The best sales process is:

  • Well-defined and goal-oriented with meaningful benchmarks and milestones
  • Clearly communicated and understood within your sales organization and can be consistently executed by all members of your frontline sales team
  • Measurable, with results having a direct correlation to stages in the process so improvements can be made when appropriate
  • Customer-focused, with the end goal of solving a customer pain point or satisfying a want or need

Improving Your Sales Process

Before you can start streamlining your sales process, it’s important that you establish clear objectives. What do you want to achieve? Are there any specific goals or milestones that need to be met? You should also think about what resources will be needed to reach these objectives. Once you have established these objectives, you can begin creating a plan for achieving them.

Of course, we understand it’s easier said than done, so if you are unsure where to start, we have a few best practices to steer you in the right direction:

  1. Fail fast. See what works and what doesn’t. “Holding on to an unreliable, losing methodology too long keeps you from hitting your goals sooner.”
  2. Document your sales process. Even if you are unsure if the process has all the necessary stages, it’s important to put it on paper so you can improve and build upon what you have. Beyond this, make sure your customer relationship management (CRM) system matches your sales process
  3. Follow your documented process. The only way to know whether your sales process works is by following it consistently. By sticking to your process, you can pick out places to test something different. It’s like performing an A/B split test on a piece of marketing. When everything else is done the same way, making a small tweak in your method half the time will reveal whether the tweak makes it better, worse, or has no effect.
  4. Stay open for best-practice adjustments. If success rates begin to dip over time and you’ve been consistent in following your sales process, it is probably time to make adjustments. The buyer’s journey is a dynamic process, and your selling processes should follow suit.
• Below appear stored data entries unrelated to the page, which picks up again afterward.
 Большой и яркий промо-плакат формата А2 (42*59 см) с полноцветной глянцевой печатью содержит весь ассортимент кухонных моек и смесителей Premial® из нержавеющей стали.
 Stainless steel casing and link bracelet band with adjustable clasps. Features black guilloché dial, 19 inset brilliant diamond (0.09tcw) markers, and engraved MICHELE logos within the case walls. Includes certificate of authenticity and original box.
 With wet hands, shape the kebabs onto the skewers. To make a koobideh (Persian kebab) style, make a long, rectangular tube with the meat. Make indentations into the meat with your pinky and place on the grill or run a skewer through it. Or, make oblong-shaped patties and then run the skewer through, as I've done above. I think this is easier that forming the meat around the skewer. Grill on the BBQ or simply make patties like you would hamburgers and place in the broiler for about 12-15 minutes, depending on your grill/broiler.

Now, let’s explore those sales process failures that could be threatening your sales success…

Failure #1: Not Putting Your Sales Pipeline in Perspective

According to our recent research, only 15% of small to mid-size businesses prioritize their customers based on their potential. Before you take bold action to revamp your sales process, it is important to understand the influence of your pipeline and lead nurturing. Simply put, focusing on pursuing new business sales activity while ignoring quality prospects in your current sales pipeline is shortsighted. Ultimately, balance is important and this calls for assessing what is currently in your pipeline, at what stage, and the probability-of-closure timeline.
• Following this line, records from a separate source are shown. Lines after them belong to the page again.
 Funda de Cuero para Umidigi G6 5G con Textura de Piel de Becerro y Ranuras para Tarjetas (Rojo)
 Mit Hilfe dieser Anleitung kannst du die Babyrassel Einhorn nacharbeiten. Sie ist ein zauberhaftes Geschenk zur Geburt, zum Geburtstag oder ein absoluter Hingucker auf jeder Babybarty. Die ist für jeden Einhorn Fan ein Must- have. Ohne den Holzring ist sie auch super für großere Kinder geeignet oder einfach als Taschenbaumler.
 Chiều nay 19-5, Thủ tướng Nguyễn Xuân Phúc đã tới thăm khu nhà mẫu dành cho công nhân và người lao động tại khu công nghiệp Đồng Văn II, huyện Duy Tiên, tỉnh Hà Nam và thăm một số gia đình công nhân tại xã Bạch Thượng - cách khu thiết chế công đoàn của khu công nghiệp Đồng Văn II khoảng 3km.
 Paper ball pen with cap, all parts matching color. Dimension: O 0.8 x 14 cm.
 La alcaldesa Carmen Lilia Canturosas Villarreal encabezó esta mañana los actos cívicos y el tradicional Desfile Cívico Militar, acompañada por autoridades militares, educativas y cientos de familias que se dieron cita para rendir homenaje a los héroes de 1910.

If your sales pipeline has weak overall conversion potential, your sales team will probably need to ramp up the focus on new sales activity, at least for a while. If your company has a healthy pipeline, however, closing deals within the pipeline should be far easier than starting from scratch and hoping unqualified leads quickly become customers.
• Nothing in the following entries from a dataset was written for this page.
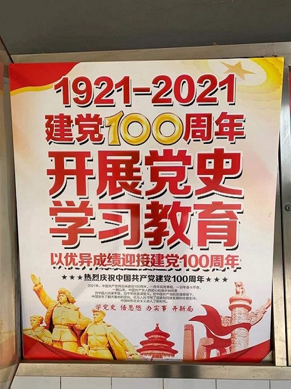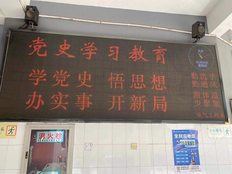 二、利用电子大屏滚动播放关于党史学习教育的标语宣传。
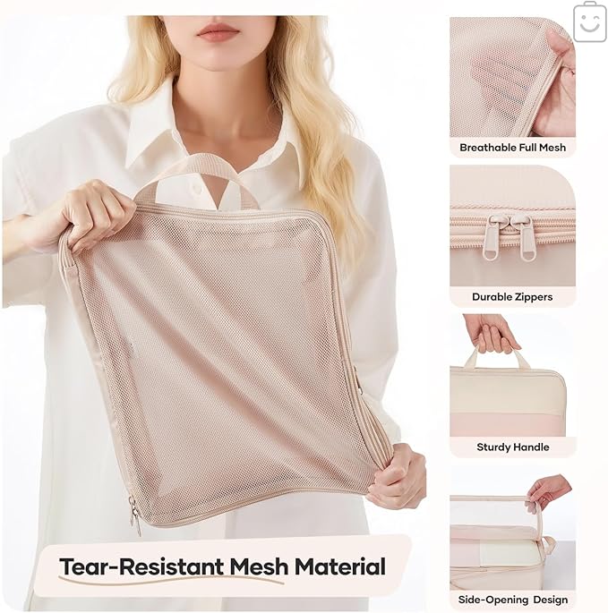 Veken 9/11 Set Compression Packing Cubes for Travel Essentials,Compressible Expandable Large Luggage Suitcase Organizer Bags for Clothing,Durable Space Saver Storage Bags with Toiletry Bags(Beige)
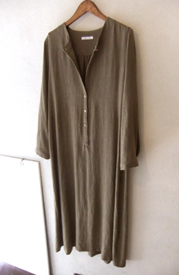 マキシ丈のカジュアルなワンピース。この生地は綿麻混ですが、どんな素材でも可能です。

Failure #2: Not Using Available Data to Optimize Your Sales Process

Measuring sales performance is key to being empowered to improve your sales management process. To make this easier, use a data-driven sales approach with your CRM system as the central hub. Of course, it is critical to first ensure the quality of your CRM and the data and level of detail within it. Remember that essential data can be influenced by technology, economic and market forces, your product and service mix, and even what your competitors are doing. So, make sure your CRM system is flexible, adaptable, and that you keep it up-to-date, both in its design and configuration and in the currency of data.

Use meaningful data, particularly leading (vs. lagging) Key Performance Indicators (KPIs), to provide critical benchmarks and mileposts throughout the sales process. For example, by aligning forward-looking sales performance metrics with important CRM sales process steps, you should be able to more accurately forecast sales. By analyzing how well your process moves prospects toward conversion, you could, for example, forecast a bottleneck where misdirected sales resources could cause an engaged target to drop out of the sales funnel, resulting in a missed opportunity.

In fact, data analysis should be a funnel of its own – one that first provides big-picture snapshots of overall performance, and then enables you to drill down to actionable detail. While the big-picture view can reveal the effectiveness of your overall sales strategy, it’s at the detail level where process refinements can produce significant results.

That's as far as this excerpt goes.